WORK ITEM
An exact restatement of the entire listing is needed, excluding all images.

RECORDED INFORMATION

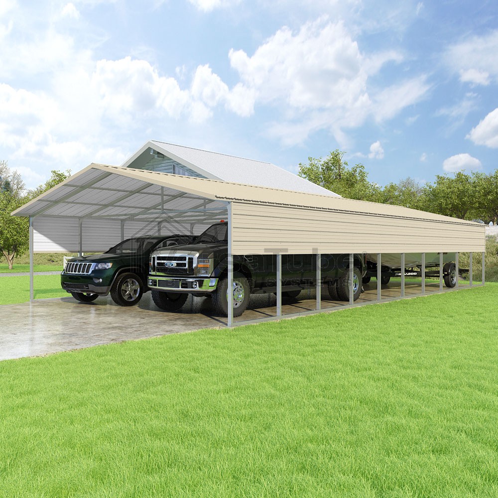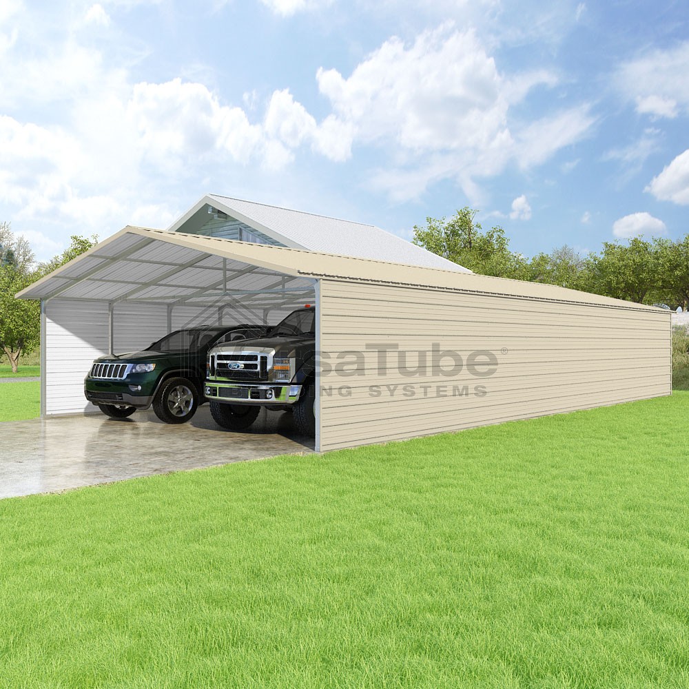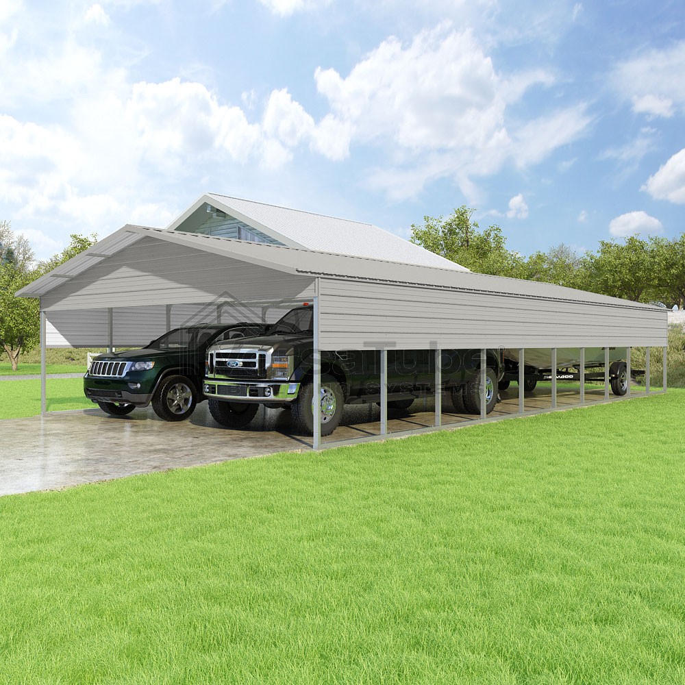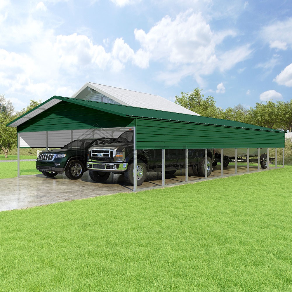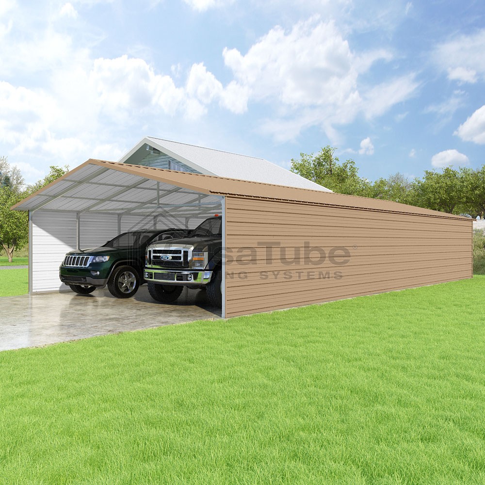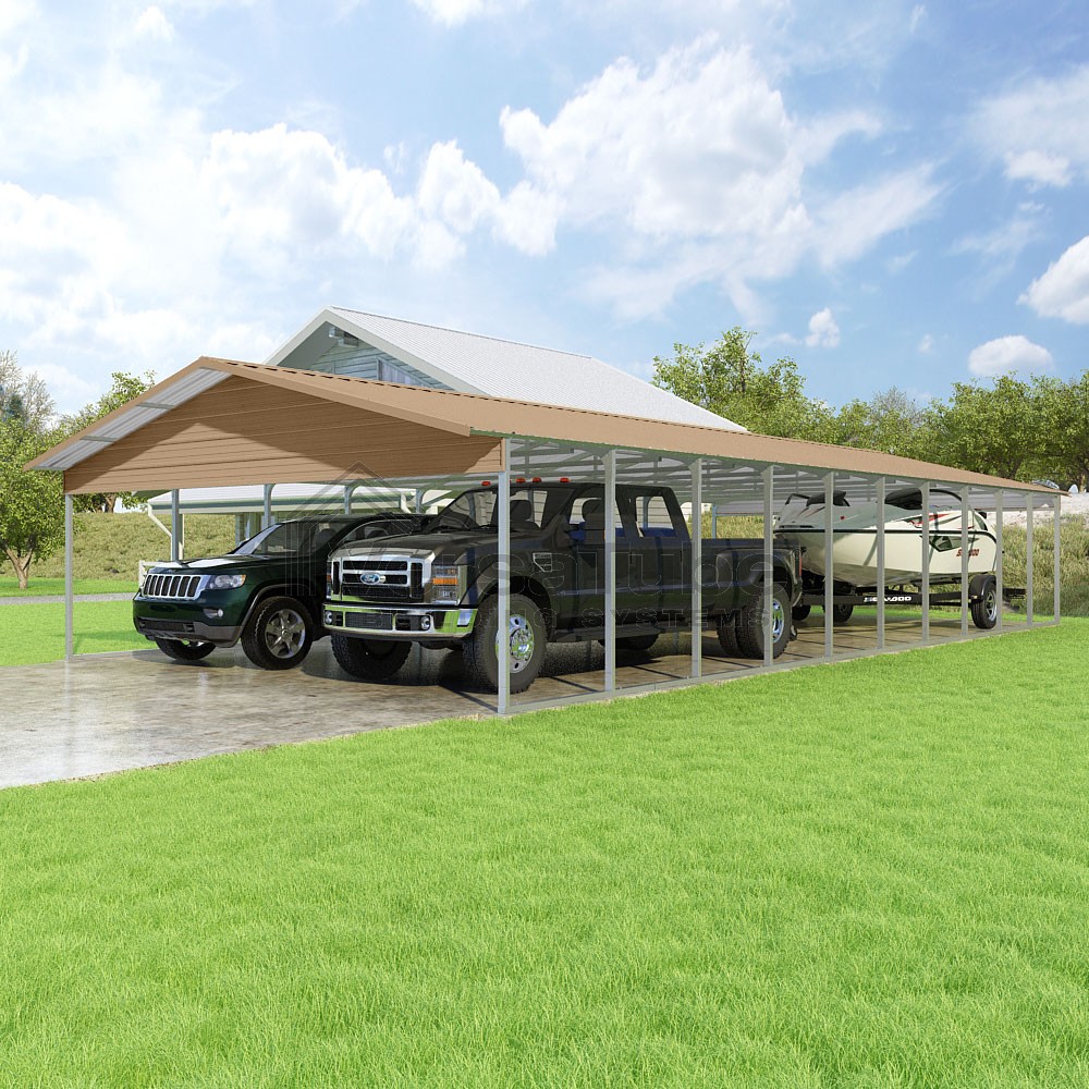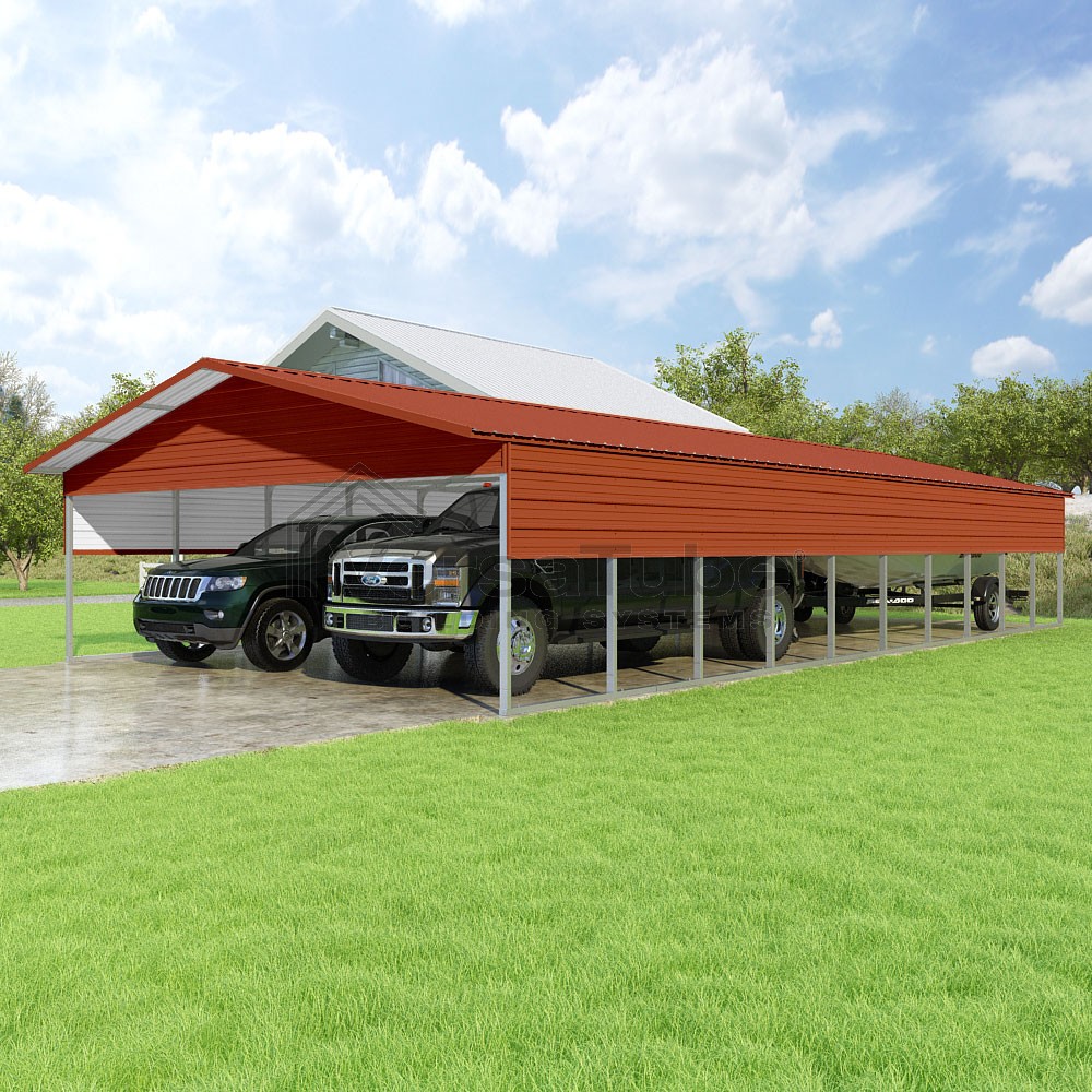 Pinnacle Series DIY carport kit features vertical sheet metal roof panels with ridge cap, gable and eave trim for an A-frame roof style and extended coverage on both ends.
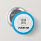 Personalize this round pinback volunteer button with your event or organization logo, volunteer title, name, or other custom text. This template has a white background with a light blue border that can be customized to different colours. The round button is available in 6 sizes: 1.25 inch, 2.25 inch, 3 inch, 4 inch, and 6 inch. No minimum order quantity and no setup fee. Made in USA.
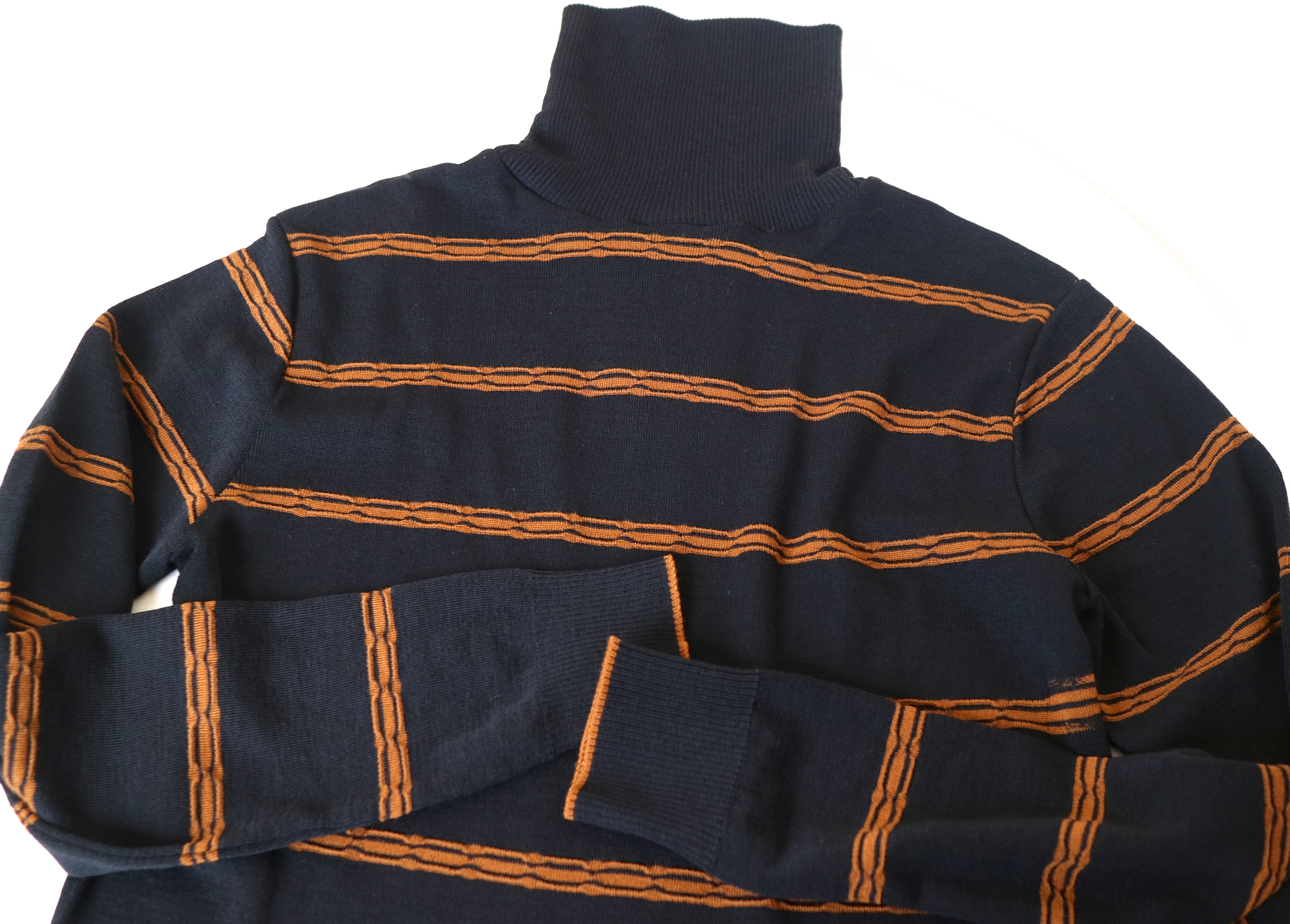 同じくハイゲージで無地のタートルネックもご用意しております。軽く・さらりとした質感、そしてよく伸びる編み地の感触は、前述のボーダー柄と同様です。
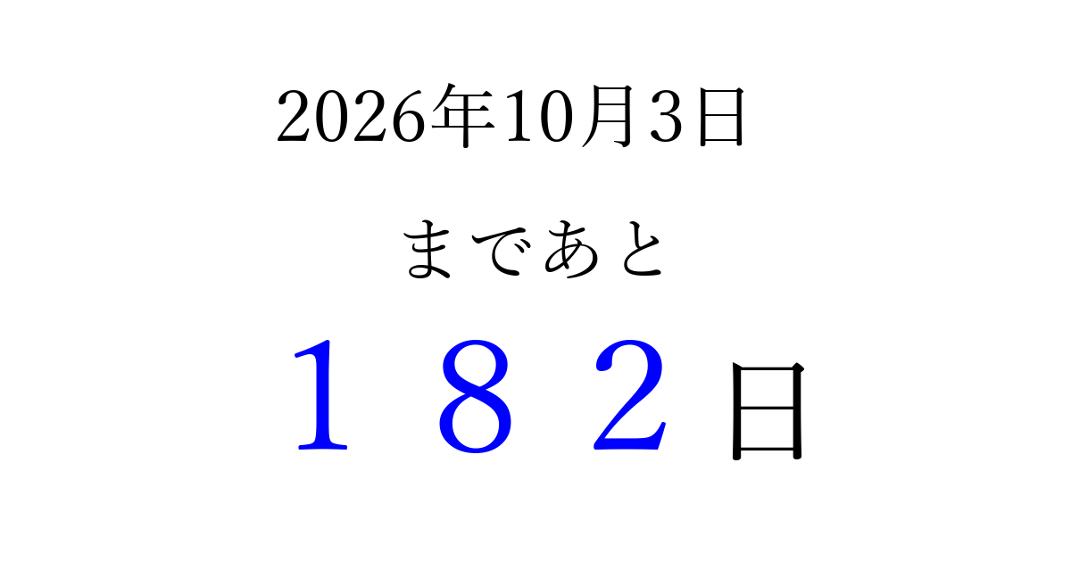 2026年10月3日(土)まで あと 999 日です 追加すると、トップページからすぐ選べるようになります ※2026/04/04現在の結果です。 最新の状態に更新する ↓シェアして、タイムライン上にカウントダウンを表示しよう!↓ 📤 この結果を共有する Tweet シェア Threads Bluesky 別の日付でカウントダウン 2026年10月のカレンダー このページをブックマークに追加すると、いつでもカウントダウンを確認できます。 (PC: Ctrl+D / Mac: ⌘+D) hitome-notes.comでは以下のページも運営しています。 指定日と期間から日付を計算 | ガチャ確率計算・シミュレーション | プライバシー・ポリシー 運営者:Avocado

REPLY
 Pinnacle Series DIY carport kit features vertical sheet metal roof panels with ridge cap, gable and eave trim for an A-frame roof style and extended coverage on both ends.
 Personalize this round pinback volunteer button with your event or organization logo, volunteer title, name, or other custom text. This template has a white background with a light blue border that can be customized to different colours. The round button is available in 6 sizes: 1.25 inch, 2.25 inch, 3 inch, 4 inch, and 6 inch. No minimum order quantity and no setup fee. Made in USA.
 同じくハイゲージで無地のタートルネックもご用意しております。軽く・さらりとした質感、そしてよく伸びる編み地の感触は、前述のボーダー柄と同様です。
 2026年10月3日(土)まで あと 999 日です 追加すると、トップページからすぐ選べるようになります ※2026/04/04現在の結果です。 最新の状態に更新する ↓シェアして、タイムライン上にカウントダウンを表示しよう!↓ 📤 この結果を共有する Tweet シェア Threads Bluesky 別の日付でカウントダウン 2026年10月のカレンダー このページをブックマークに追加すると、いつでもカウントダウンを確認できます。 (PC: Ctrl+D / Mac: ⌘+D) hitome-notes.comでは以下のページも運営しています。 指定日と期間から日付を計算 | ガチャ確率計算・シミュレーション | プライバシー・ポリシー 運営者:Avocado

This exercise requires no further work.